- Occupation: Professor of Developmental Psychology
- Employer: University of St. Andrews
- Organization: Max Planck Society
- Known for: research into infant and child communications and learning; prosocial behaviour; ape and human social cognition and Human–robot interaction communication futures

= Malinda Carpenter =

Fellow of the Royal Society of Edinburgh

Malinda Carpenter, Ph.D, FRSE is a professor of developmental psychology at the University of St Andrews, an international researcher specialising in infant and child communications, prosocial behaviour and group reactions, in how people learn to understand others, and building self esteem; her work includes research between ape and human social cognition, and more recently in considering human-robotic communication futures.

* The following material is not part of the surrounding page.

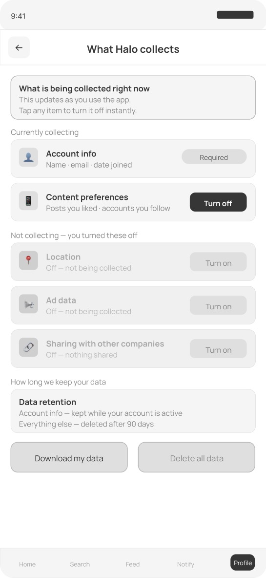 Halo is a fictional social media app designed to show what privacy first design looks like when genuine user consent replaces compliance theater.

== Education and career ==
Carpenter graduated in French and Psychology, from the University of Florida, Gainesville in 1990, and took her masters in 1993 and doctorate in 1995, at Emory University, USA on Social-cognitive abilities of 9- to 15-month-old infants: Development and interrelationships. She spend two years post-doc research at the National Institute of Mental Health Postdoctoral Training Program in Developmental Psychology (focussing on autism) at the University of Denver, Denver, Colorado, USA and then a further two years as a post-doc Fellow at the University of Liverpool, England. She collaborated with Virginia Slaughter, of the University of Queensland, Australia in 2008-09. Since 2013, she has worked in the University of St. Andrews, Scotland and continued her relationship with the Max Planck Institute for Evolutionary Anthropology in Leipzig, Germany, since 1999, when she was senior scientist on Social Origins of Cultural Cognition in Infancy and (from 2008- 2013) when she was awarded funding to head the Minerva Foundation Research Group in the Max Planck Institute. She joined academia.net in 2010 and speaks English, French, German, Spanish.

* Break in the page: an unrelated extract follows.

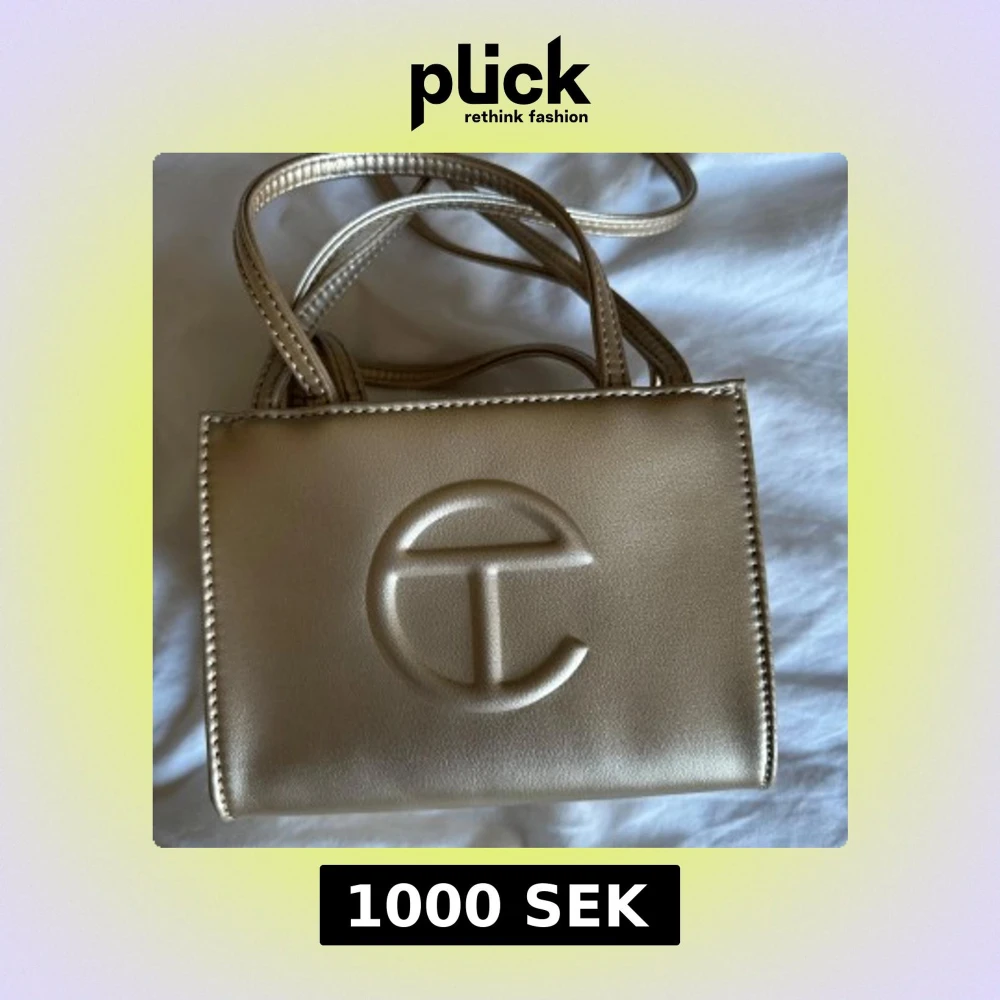 Säljer en snygg guldig axelväska från Telfar med präglad logga på framsidan. Väskan har både korta handtag och lång axelrem, perfekt för att bära på olika sätt. Väskan har smink fläckar på insidan som ni kan se på bild, går att få bort i tvätt. Inga andra defekter och använd endast fåtal gånger. Slutsåld online och köpt för orginalpris

Carpenter has been an invited or a keynote speaker at international conferences and key summer schools over her career, for example:

- Cultural Learning, Imitation and Articraft Understanding: A Comparative Perspective at summer school, Central European University, 2005
- 'What makes humans human? at AX Foundation seminar 2011
- Human Robot Interaction at Bielefeld University 2014
- From Human-Human Joint Action to Human-Robot Joint Action, and vice versa!, at Toulouse, 2016: The jointness in infants' and young children's joint action and joint attention
- Guest speaker at cross-discipline summer workshop for early career researchers, Brace yourself! at St. Andrews, 2018.

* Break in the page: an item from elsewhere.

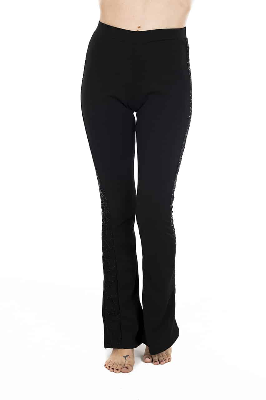 Leggings a zampa Rossoporpora L254 con banda laterale in pizzo e paillettes

For an up to date list of her academic related activities, see the activities page on the staff profile at the University of St. Andrews.

== Recognition ==
In 2012, Carpenter was selected as a Fellow of the Association of Psychological Science. In 2018, one of her supervised students, Amrisha Vaish won their early career award.

She was associate editor of the academic journal Cognition (2013–14) and on the editorial board of Child Development Perspectives since 2013.

At the opening of the Leipzig Center for Early Child Development, in 2016, marking the 50th anniversary of conferences of the German Society for Psychology, Carpenter was asked to be one of the keynote speakers, talking upon Affiliation, alignment and belonging in infancy and early childhood.

In 2021, Carpenter was elected as a Fellow of the Royal Society of Edinburgh.

She has joined the Templeton World Charity Foundation funded Diverse Intelligences Summer Institute: 'A new community exploring intelligence, mind, and cognition in all its forms'.

== Research experiments and publications ==
Carpenter's research has involved practical as well as theoretical studies and in outreach to share her findings with the public. Her studies have formed part of international research bases, cited for psychology and developmental behavioural themes, such as

- Imitation
- Intention
- Joint attention
- Nonverbal communication
- Bootstrapping (linguistics)
Her earlier experiments were described in detail so they could be replicated. Her collaborative research on chimpanzees was published in a book. As well as collaborations listed, her work was also with Michael Tomasello and jointly published their 2005 research, and earlier George Butterworth. Her international interests in 2017 extended to bilingualism in young children, and she was nominated by the students union in St. Andrew's for a 2019 Teaching Awards and shortlisted as a finalist for her academic mentorship.

Later she engaged in more public communications on the research and its impact for child development practices and parenting skills. Carpenter supported a local community science outreach (March 2018: becoming one of us), and a public radio debate on 'crowd science', as reported in Church Times. She was interviewed in the Greater Good podcast, from Berkeley on how her experiment on using familiar objects and dolls positioning, to see if they influenced children's behaviour towards acting helpfully to adults. The St. Andrew's Baby and Child (ABC) Lab. was another such project, which had been enrolling mother and child pairs, and individual children to observe and assist the research. The project drew the attention of Netflix for a follow up to its TV series on Babies? The series 2 episode 4 Relationships was described as 'A coy smile, a puppet show and a pointed finger lead to discoveries in how babies get along with others using humor, morality and shared experiences', and featured Carpenter's team's studies.

== External resources ==

- Netflix trailer for Babies? season 2
- Research publications (University of St. Andrew's listing)
- Research works (Orcid Listing)
- Research works (LOOP Listing)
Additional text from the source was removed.